Il en résulte que la garantie vol ne s’applique pas sans effraction, que l’effraction mécanique doit être prouvée par deux éléments cumulatifs (effraction de l’habitacle ou du coffre et le forcement de la colonne de direction et la détérioration du faisceau de démarrage ou d’un système antivol en fonctionnement) et que l’effraction électronique, quant à elle, doit être prouvée par une attestation d’expert constatant l’effraction ayant permis aux auteurs de démarrer le moteur et au véhicule de se

déplacer de façon autonome.

Ainsi, par sa définition de l’effraction, l’assureur limite à des indices prédéterminés la preuve du sinistre alors qu’en application de l’article 1315, devenu 1353 du code civil, cette preuve est libre. Outre leur caractère restrictif, ces modes de preuve ne correspondent plus à la réalité des moyens de piratage électroniques actuels (notamment en vente libre sur Internet) mis en 'uvre pour démarrer la majeure partie des véhicules sans jamais devoir les forcer et qui ne permettent de constater aucune trace d’effraction, y compris par un expert automobile (vol de type mouse jacquing, technique de vol de voiture la plus utilisée depuis quelques années), vidant ainsi la garantie de sa substance.

Il s’agit donc d’une clause abusive en ce qu’elle limite indûment les moyens de preuve à la disposition du non professionnel ou du consommateur. Dans la mesure où l’assureur ne saurait promettre à l’assuré de garantir le vol tout en limitant l’application de la garantie à des hypothèses d’exécution matérielle de l’infraction trop précises, devenues totalement marginales ou dont la preuve est impossible à rapporter, elle créé un déséquilibre significatif entre les droits et obligations des parties au contrat et doit être réputée non écrite.

En l’espèce, la réalité du vol du véhicule de Mme X, dont la bonne foi est présumée, est suffisamment établie par les pièces produites aux débats.
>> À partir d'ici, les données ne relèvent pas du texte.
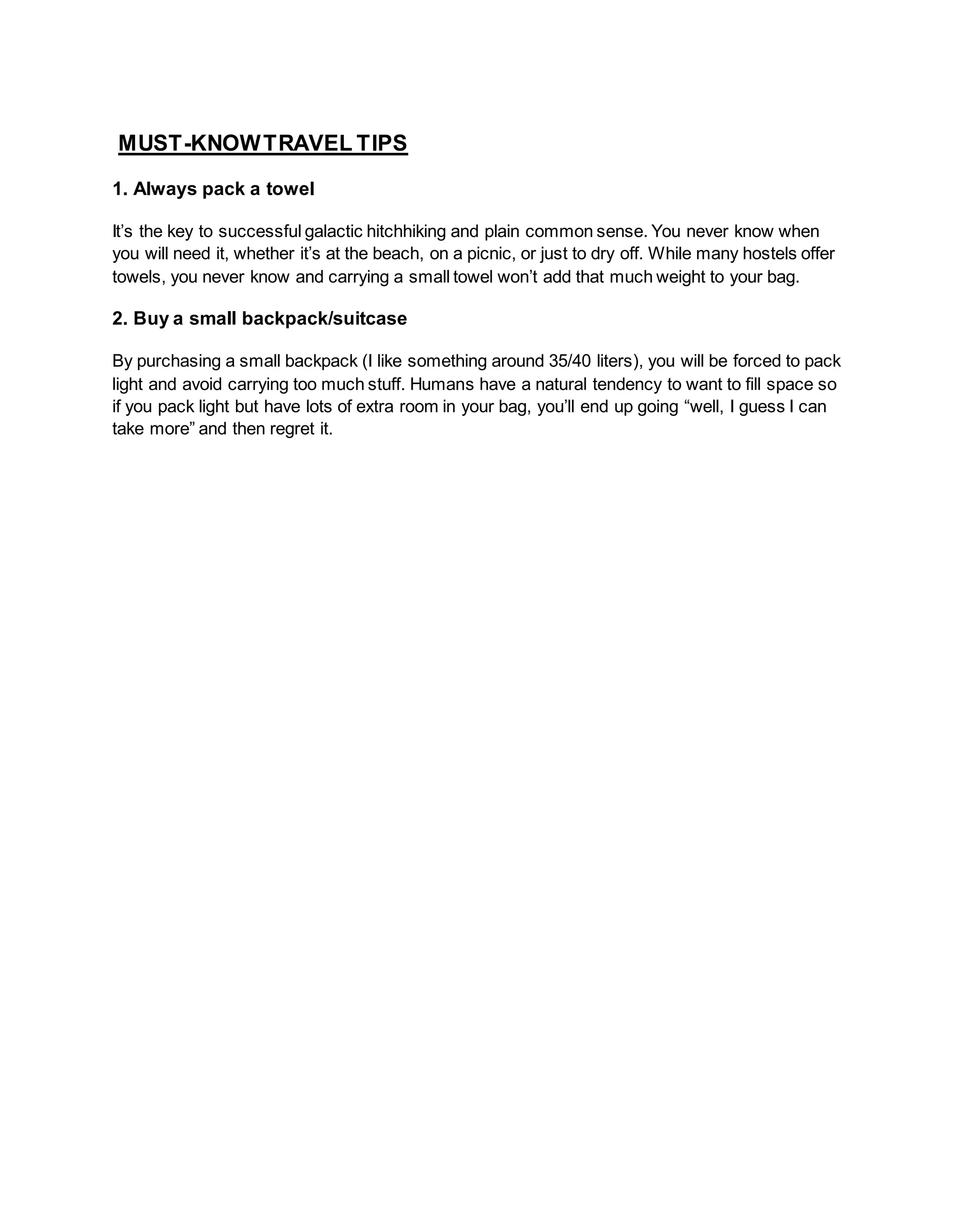 The document provides 5 tips for travel: 1) Always pack a towel for various situations. 2) Buy a small backpack or suitcase to avoid overpacking. 3) Pack lightly by taking half the clothes you think you need. 4) Take extra socks to have clean pairs. 5) Carry extra bank and credit cards in case of loss or theft.
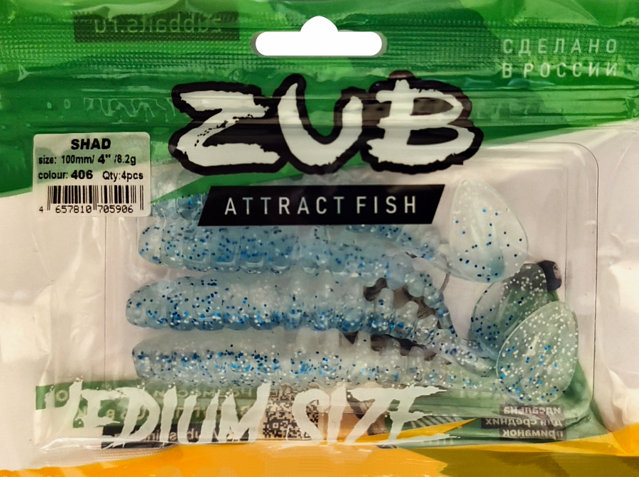 Приманка ZUB-SHAD 100мм(4")-4шт, (Цвет 406) голубой верх - перламутр низ

Dès lors, la garantie de l’assurance est due justifiant le versement de l’indemnisation par l’assureur et le jugement sera en conséquence infirmé en toutes ses dispositions.

Sur les autres demandes

La compagnie ACM qui succombe sera condamnée à payer à Mme X une indemnité de 1 000 euros sur le fondement des dispositions de l’article 700 du code de procédure civile ainsi qu’aux entiers dépens de première instance et d’appel.

PAR CES MOTIFS

La cour statuant, en dernier ressort, par arrêt contradictoire rendu par mise à disposition au greffe,

INFIRME le jugement en toutes ses dispositions,

Et statuant à nouveau,

Dit que les conditions générales, partie intégrante du contrat, sont opposables à Mme X,

Dit abusive la clause afférente à la condition de garantie vol stipulée dans les conditions générales du contrat d’assurance souscrit par Mme X auprès des ACM IARD créant un déséquilibre significatif entre les parties, et la répute non écrite,

Dit que le vol du véhicule est établi et que la garantie de l’assurance est due justifiant le versement de l’indemnisation par l’assureur,

Déboute en conséquence, les ACM IARD de toutes leurs demandes,

Condamne les ACM IARD à payer à Mme X une indemnité de 1 000 euros sur le fondement des dispositions de l’article 700 du code de procédure civile ainsi qu’aux entiers dépens de première instance et d’appel.